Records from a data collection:
┌──

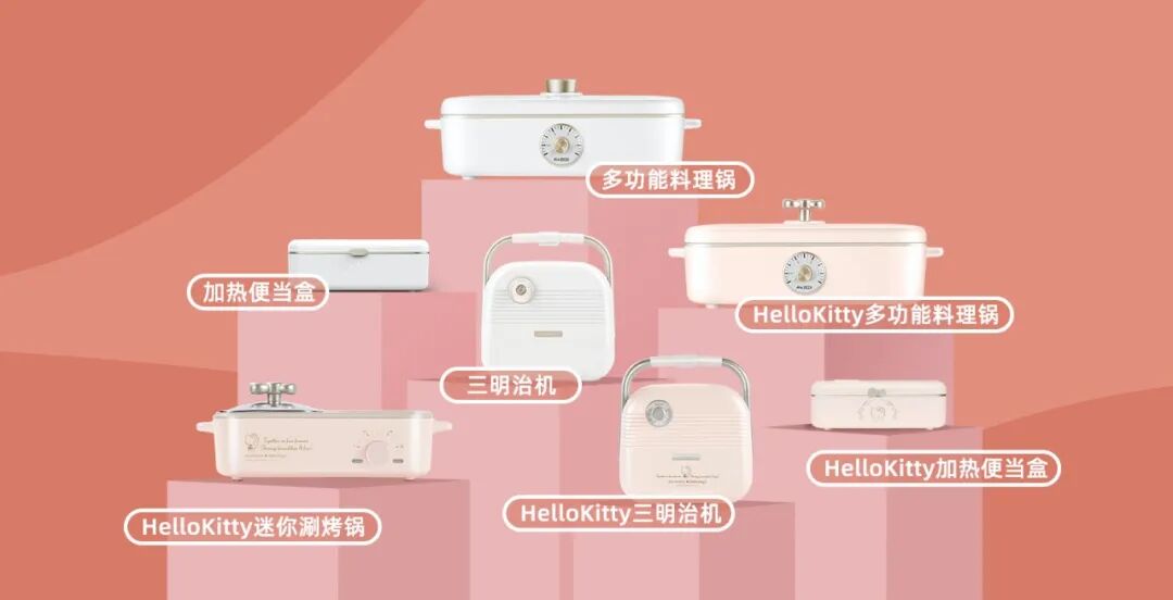 适盒&HELLO KITTY限量联名版,推出了料理锅、便当盒、三明治机和涮烤锅四款限定系列。专属料理锅蝴蝶结把手和限定标识,守护每一颗少女心。
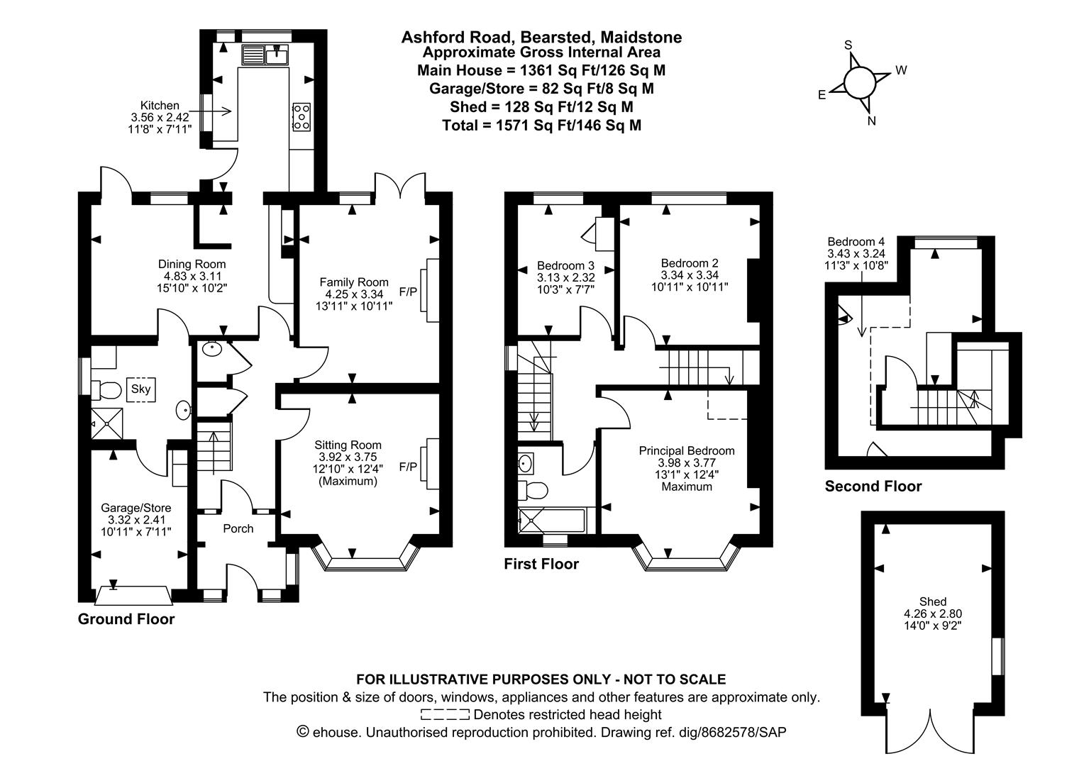 Set well back from the road, you approach the property via a generous driveway that offers parking for up to five cars, as well as additional space for potential expansion. Enter through the welcoming porch into the hallway that leads to an inviting sitting room, featuring a cosy log burner and a bright bay window. The family room serves as an additional reception room, complete with a fireplace and French doors that open to the garden, ideal for the warm summer months. The thoughtfully extended dining room and well-appointed kitchen provide lovely views of the outdoor space, as well as being an ideal area for entertaining. This floor further benefits from a partially converted garage that hosts a convenient downstairs shower room and additional storage space to front.
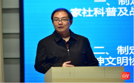 副院长(主持工作)、教授、博士俞俊峰以《从科普条例贯彻看物质文明与精神文明协调发展》为题,通过回顾《贵州省社会科学普及条例》的制定、颁布和实施过程,解读了《条例》的贡献和历史意义,并倡导大家运用好《条例》,关注、参与社会科学普及。
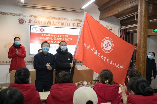 黨委書記葉永安為醫(yī)療隊(duì)隊(duì)長(zhǎng)、東直門醫(yī)院副院長(zhǎng)張耀圣授旗
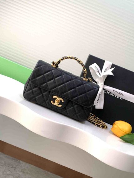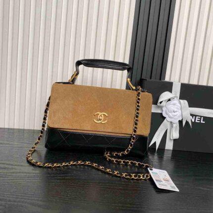 25B Double C Logo Handle CF exquisite handle design highlights fashion. Granulated leather paired with retro metal hardware. Textured, wear-resistant,
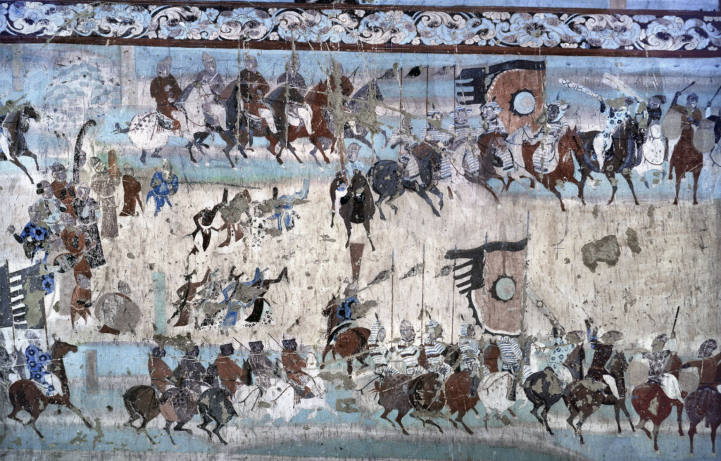 公元751年,唐朝将军高仙芝在京城斩下了石国国王的人头,便随即志得意满,心怀壮志地再次出征几千里外的西域,准备击退石国最后的靠山–阿拉伯帝国(中国称之为大食)。一路行进到今天的哈萨克斯坦塔拉斯河河岸附近,酷暑下的中国军队终于遭遇了身裹黑衣的大食军队。高仙芝远征大胜的名声传遍了唐朝,但是他很快就要面临一场苦战和失败。怛罗斯之战并非一场两大帝国之间的决战,也并非一场动摇根基的战争。两个帝国都扩张到彼此的边界却依旧遥不可及。正所谓物极必反,盛极必衰,一次短暂的见面也许无法预见彼此殊途同归的命运,正如高仙芝自己可能从未想过辉煌时刻转瞬即逝。四年后,安史之乱,唐朝由盛转衰,再不能复起。半个世纪之后,红衣军起义,阿拔斯王朝的盛况也走向了终点。

└──

## Exercise requirements:
The line that contains "副院长(主持工作)、教授、博" begins the range and the last line of the entries ends it; print that range exactly, without pictures.

## Result:
 副院长(主持工作)、教授、博士俞俊峰以《从科普条例贯彻看物质文明与精神文明协调发展》为题,通过回顾《贵州省社会科学普及条例》的制定、颁布和实施过程,解读了《条例》的贡献和历史意义,并倡导大家运用好《条例》,关注、参与社会科学普及。
 黨委書記葉永安為醫(yī)療隊(duì)隊(duì)長(zhǎng)、東直門醫(yī)院副院長(zhǎng)張耀圣授旗
 25B Double C Logo Handle CF exquisite handle design highlights fashion. Granulated leather paired with retro metal hardware. Textured, wear-resistant,
 公元751年,唐朝将军高仙芝在京城斩下了石国国王的人头,便随即志得意满,心怀壮志地再次出征几千里外的西域,准备击退石国最后的靠山–阿拉伯帝国(中国称之为大食)。一路行进到今天的哈萨克斯坦塔拉斯河河岸附近,酷暑下的中国军队终于遭遇了身裹黑衣的大食军队。高仙芝远征大胜的名声传遍了唐朝,但是他很快就要面临一场苦战和失败。怛罗斯之战并非一场两大帝国之间的决战,也并非一场动摇根基的战争。两个帝国都扩张到彼此的边界却依旧遥不可及。正所谓物极必反,盛极必衰,一次短暂的见面也许无法预见彼此殊途同归的命运,正如高仙芝自己可能从未想过辉煌时刻转瞬即逝。四年后,安史之乱,唐朝由盛转衰,再不能复起。半个世纪之后,红衣军起义,阿拔斯王朝的盛况也走向了终点。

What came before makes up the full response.